8. And then you yawn. Yawn and burrow your head in her breast in an affectionate, friendly manner; dropping off to sleep immediately. She sits very still and straight, hoping that you’ll wake up, hoping you won’t, hoping no one is watching you from the porch, wondering why she isn’t objecting, wondering why she should, wondering about life in general.... It’s all because she drank so much of that whiskey. She really doesn’t feel so well. Sort of mixed up. Why don’t you wake up? She wants to go in and dance; it must be late. How did this get started anyway?
9. She stirs a little at last, for her arm is going to sleep, and this wakes you. Open your eyes and pull her face down to yours—it’s the most natural thing to do under the circumstances. “Sweet thing.”
She is reassured. You are thinking of her, then. You’ve become once more a person, a man, instead of an abstract problem. And she knows how to deal with people, even with men. It’s this other thing that worries her; this horrible impersonal wondering; this feeling of enmity that lurks in the air when people forget you and go to sleep. Although she couldn’t put it into words....
10. “Another drink, sweet thing?”
“I guess so.”
“Sure, just another little one now.”
She isn’t thinking at all now. If she were she’d probably suggest going in, for it is late and she wants to dance. But it doesn’t seem late; it doesn’t seem as though time is going on at all. She isn’t thinking. She doesn’t start to think even when you kiss her more enthusiastically and not so lazily.

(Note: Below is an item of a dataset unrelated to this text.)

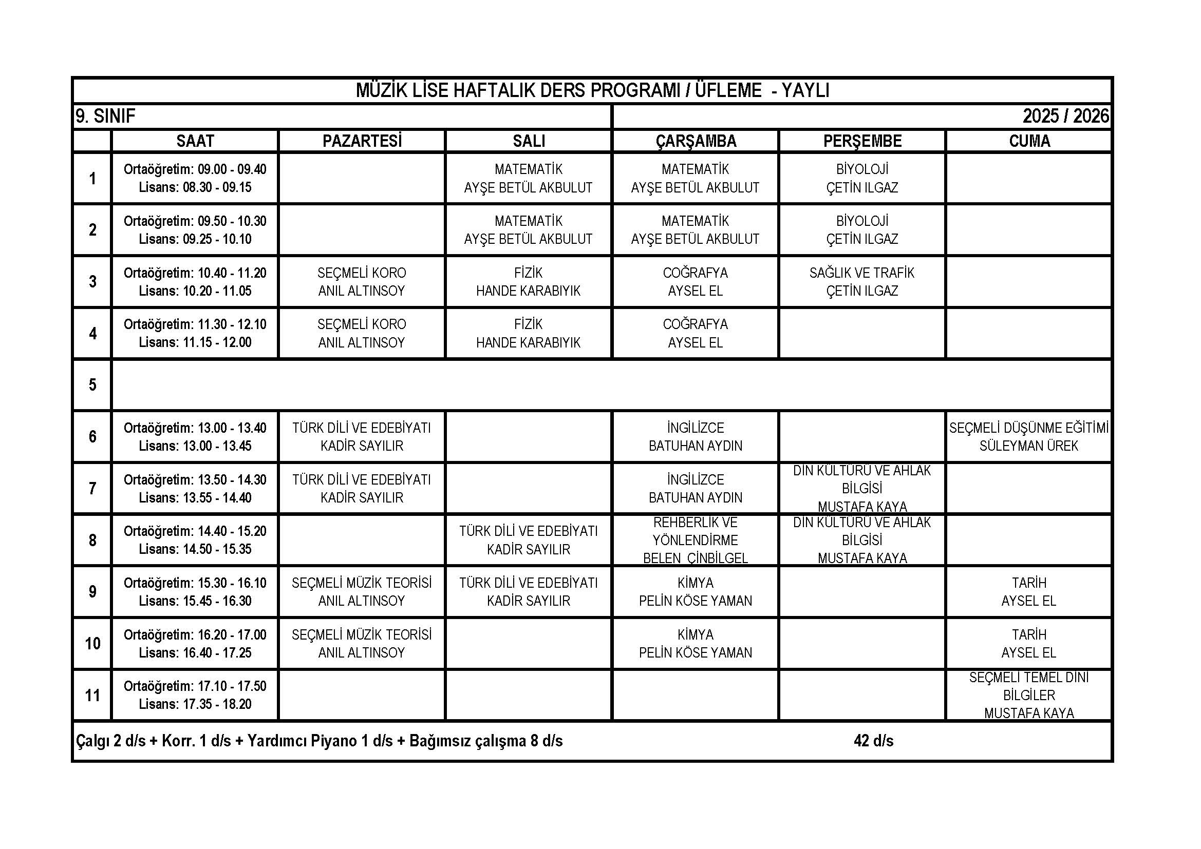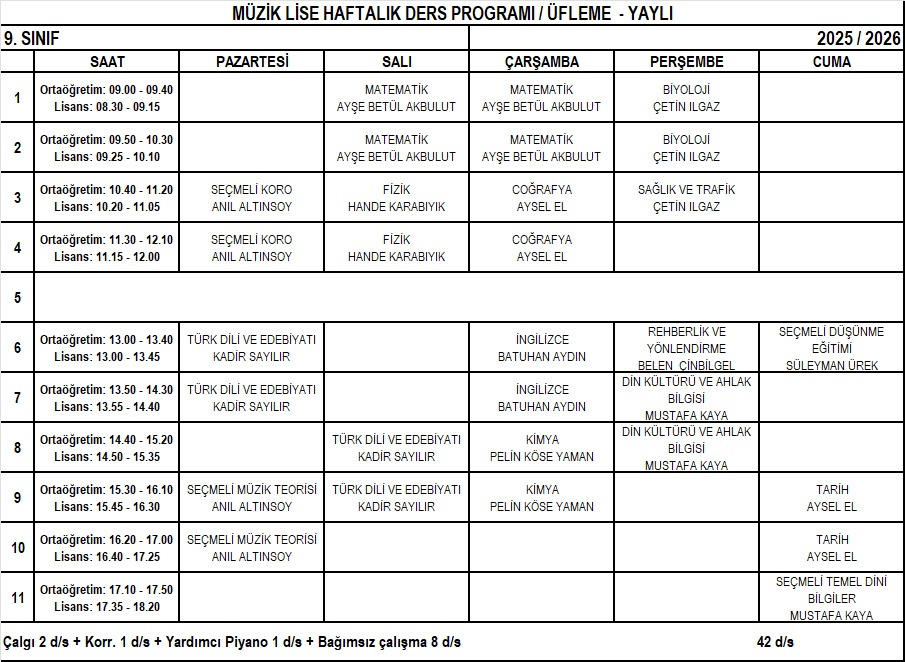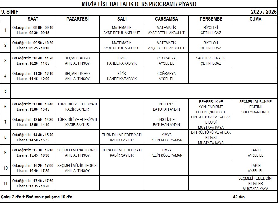 Piyano Lise 9. Sınıf Haftalık Ders Programı

This must be the way a plant feels on a hot summer day when it hasn’t anything to do but grow. Not happy; not sad.
It is only when she realized at last that you are growing importunate that she stirs herself and protests. She isn’t sure what to say; the protest is more a matter of habit than anything else.... Everything is a habit.... And once more, for the last time, you say “Yes. One more. Just another little one.”